12. Can Self-Evaluation Improve the Board’s Work?
The best way to know if your board is performing well is to carry out evaluations. The board must formally examine the caliber of its rulings and activities. Your board should conduct a meaningful self-evaluation of its operations and output. The best way is for the lead director (or governance committee chair or an outside expert) to “ask open-ended questions in one-on-one interviews.” The questions and the way the interviewer synthesizes the answers both matter. Equally vital is the facilitator’s credibility. As your board critiques itself, understand that board decisions may take years to evaluate properly. Critically examine the board’s leadership and conduct peer reviews. Be sure the board follows up on the evaluation’s findings with meaningful action.
13. How Can the Board Quit Micromanaging?
Does your board spend too much time digging through the weeds instead of focusing on the landscape? Let management attend to operational details.
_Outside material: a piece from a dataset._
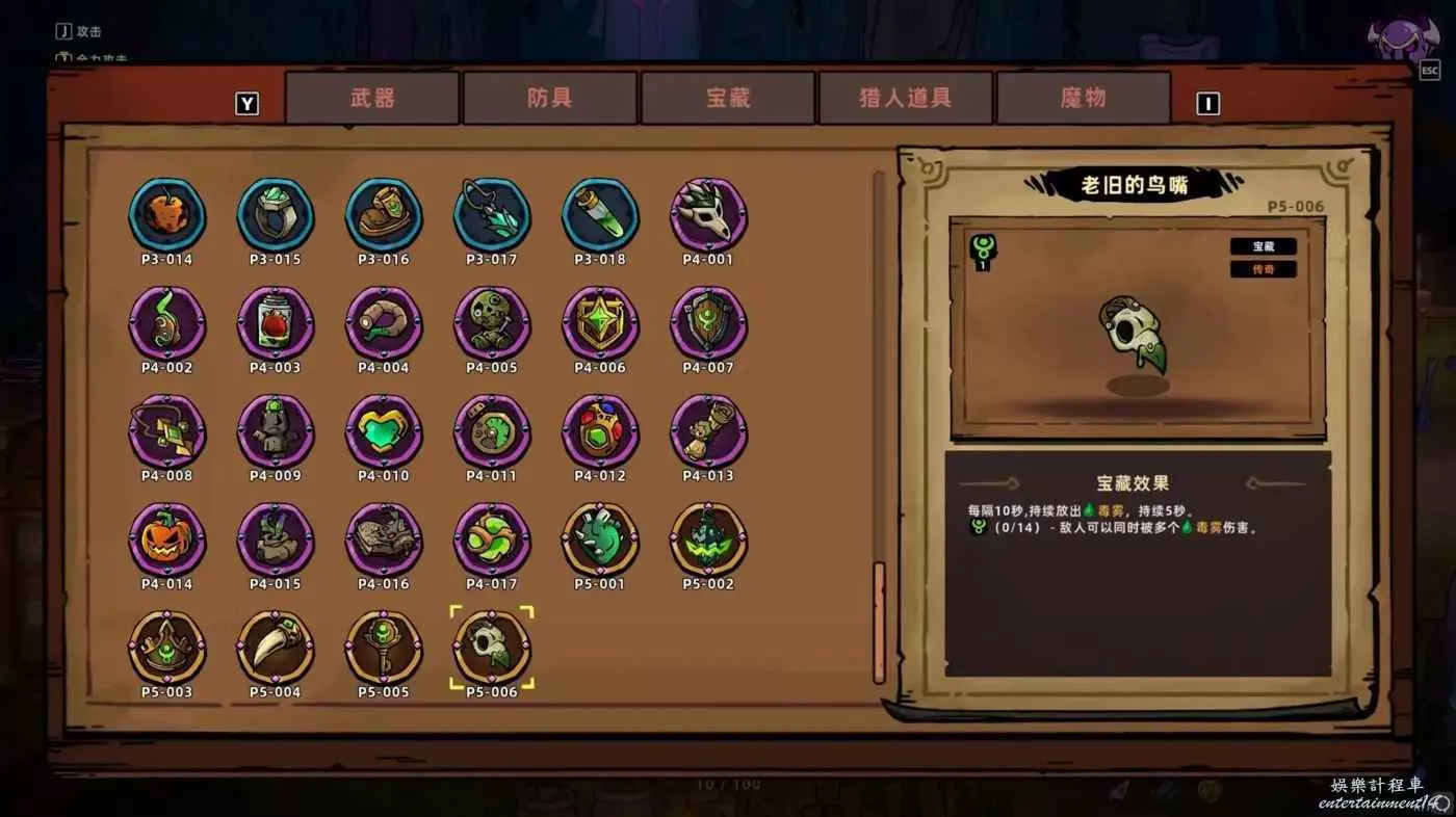 疊毒流的六大核心寶藏:老舊的鳥嘴,惡語南瓜,帕拉提之匙,穿刺之種,伊夫利亞的激流提燈,鼠之尾

Spending the board’s limited time on micro issues is inefficient. Indeed, it can be counterproductive, putting the CEO on the defensive while turning the board’s attention away from “strategy, perception of external trends, succession and enterprise risk.” Of course, knowing when your board is delving too deeply into the minutiae isn’t easy. During board meetings, don’t lecture or grill the CEO. When it comes to the CEO’s question-and-answer sessions, the way you ask for information makes all the difference. Pose broad questions, such as, “What is our process for adjusting prices as inflationary conditions change?” Or, “What benchmarking are you doing to improve pricing processes?” Don’t harangue the CEO about minor points. The lead director should help other directors avoid micromanaging.
14. How Well Does the Board Handle “Activist Shareholders and Their Proxies”?
As a result of the Sarbanes-Oxley Act and related regulations, U.S. shareholders are thoroughly engaged in how companies manage their affairs. Some activist shareholders insist on board seats for themselves or their proxies. Previously, shareholders would communicate with the CEO or chair. Now, directors often speak directly with shareholders. Appoint one board spokesperson to handle all shareholder communications. Treat activist shareholders with respect. Deal with their concerns – usually management, finances, operations and asset value – in a substantive way. Seek experts who can determine the validity of investors’ issues. Don’t freeze out directors that investors appoint. Be open with investors and proxy or advisory groups, but don’t let them bully the board.